Counsel for defendants contend that said Huidekoper, though one of the directors of the Virginia, Tennessee & Carolina Steel & Iron Company, is not a real, but only a nominal, party to these suits; that the only real defendant in the controversy is the Virginia, Tennessee & Carolina Steel & Iron Company; that all of the directors of said company are nominal parties; and, if not nominal, their liability is several and separable, and is not joined with that of the said company of which they are directors. The court cannot adopt this view. The bill in each suit seeks relief against the said Virginia, Tennessee & Carolina Steel & Iron Company, and all of the directors. The bill in each suit states:

“Your orator is advised that he has the right to have the said contract of subscription annulled and rescinded; to recover from the said company and the said directors the said sums paid by him on account, of said stock, with interest on each payment from the time of its payment, and to have the estate of and debts due the said company in this state subjected to their payment.”

The prayer of each bill is:

“That upon a hearing of the cause your honor will adjudge, order, and decree said contract of subscription to be null and void; that said company and 9said directors pay to your orator the said sums paid by him on account of said stock, with interest on each payment from its date; that the said estate and debts of said company which have been attached in this cause be subjected to the payment of what is due your orator.”

The charges in the bill and the prayer for relief make a single controversy. It is not a separable one, so as to enable some of the defendants to remove the cause into this court.
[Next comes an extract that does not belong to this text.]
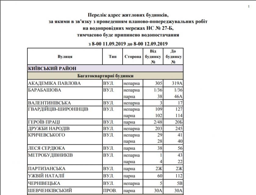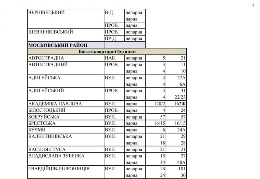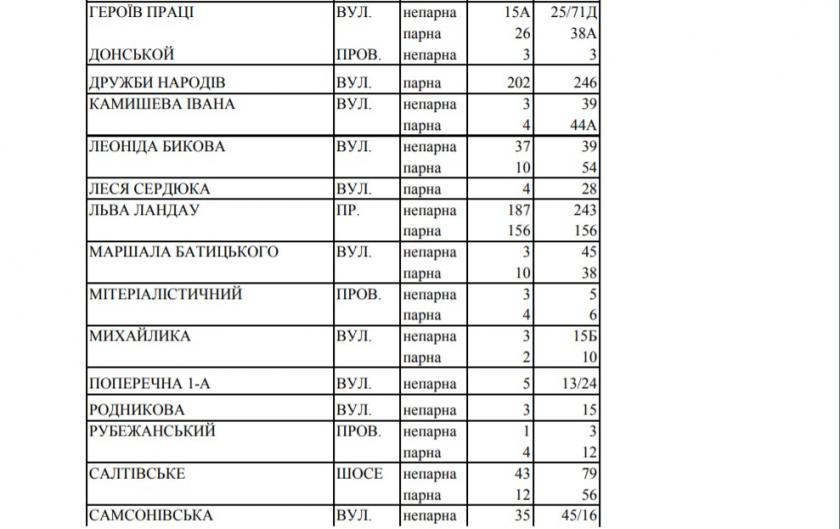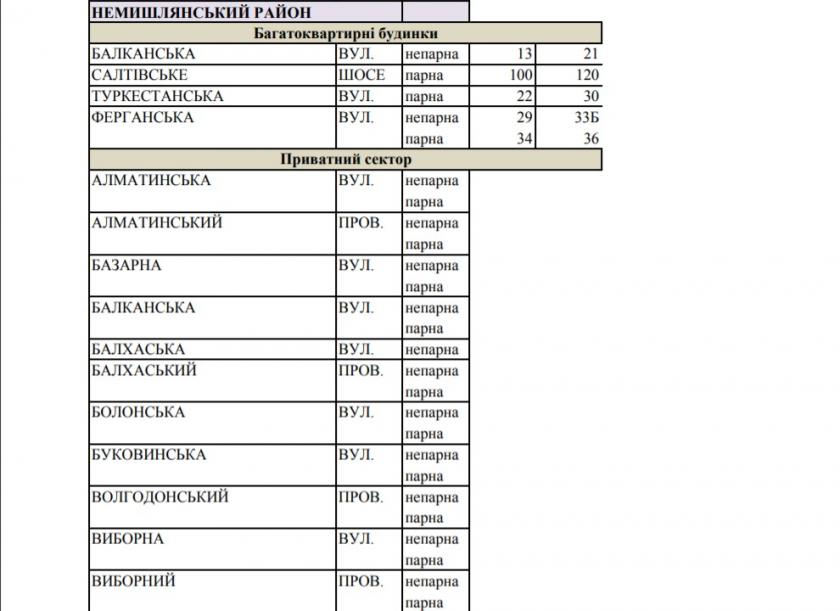 Воды не будет в части Московского, Киевского и Немышлянского районов, ограниченной ул. Натальи Ужвий, ул. Леся Сердюка, ул. Горянской, пер. Дивногорским, территориями торговых комплексов "Дафи" и "Караван", ул. Академика Барабашова, поселком Шевченки, рекой Харьков, ул. Амурской, ул. Академика Павлова, пер. Салтовским, ул. Евгеньевской, пр. Льва Ландау, ул. Халтурина, ул. Краснодарской, пр. Тракторостроителей, ул. Владислава Зубенко, ул. Гвардейцев Широнинцев, ул. Метростроителей.

The plaintiffs have sued the defendants jointly, as they had a right to do, and they must be treated as joint defendants, and real parties to the controversy. Railroad Co. v. Mills, 113 U. S. 256, 5 Sup. Ct. Rep. 456; Pirie v. Tvedt, 115 U. S. 41–43, 5 Sup. Ct. Rep. 1034, 1161; Sloane v. Anderson, 117 U. S. 278, 279, 6 Sup. Ct. Rep. 730; Little v. Giles, 118 U. S. 602, 7 Sup. Ct. Rep. 32; Wire Hedge Co. v. Fuller, 122 U. S. 535, 7 Sup. Ct. Rep. 1265. This ground for remanding, to-wit, that the defendant Frederick W. Huidekoper is a citizen of the District of Columbia, and not of any state, and that the controversy is single and not separable, applies alike to all of the suits, and is sufficient cause for remanding them all.
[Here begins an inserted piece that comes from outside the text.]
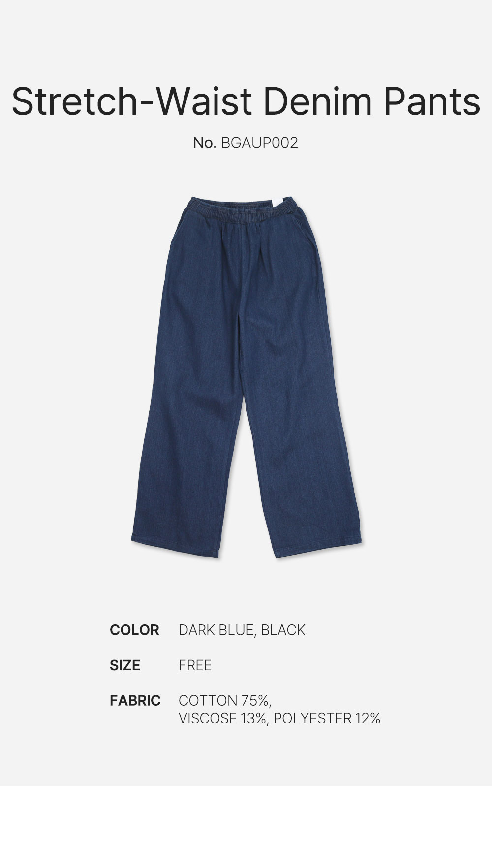빌리버스빌리버스 남성 데일리 심플 루즈핏 와이드 데님팬츠 뒷밴딩 트레이닝바지 BGAUP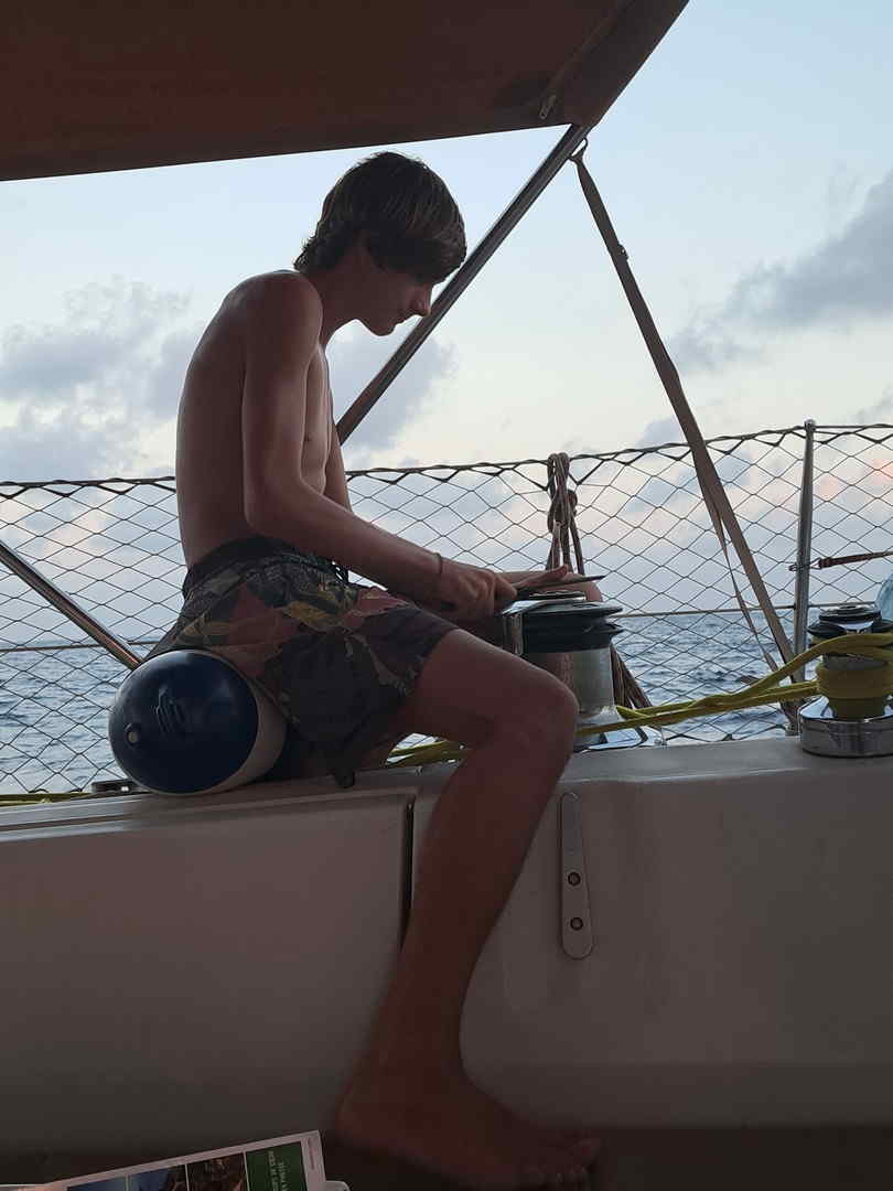 Le bateau bouge trop à l’intérieur et il y a trop de vent à l’extérieur ; difficile pour les garçons de faire beaucoup de travail scolaire. Nous sommes également contents d’avoir pré-cuisiné quelques repas avant de quitter Mindelo : ce soir, ce sera un curry jaune thaï .

It further appears from the record that the defendant John M. Bailey is a citizen of the state of Virginia, and that the plaintiffs in five of the suits, viz., Thomas Seddon, Thomas Seddon, trustee, James B. Pace, James H. Dooley, and T. C. Leake, Jr., are citizens of the same state. J. C. Maben, the plaintiff in another suit, is a citizen of the state of New York, the same state of which the defendants George S. Scott, William P. Clyde, John H. Inman, A. H. Bronson, and Extine Norton are citizens. In all of these suits, then, it is clear that the requisite citizenship to give this court jurisdiction does not exist. The opposing parties in the suits have not each a different state citizenship.

Other reasons are assigned by counsel for remanding these causes, but it is unnecessary to consider them. The foregoing are sufficient. Orders will be entered in all the causes, remanding them to the state court.

1 Concerning the removal of causes under the act of March 3, 1887, on the ground of diverse citizenship, see Cooley v. McArthur, 35 Fed. Rep. 372, and note; Whelan v. Railroad Co., Id. 849.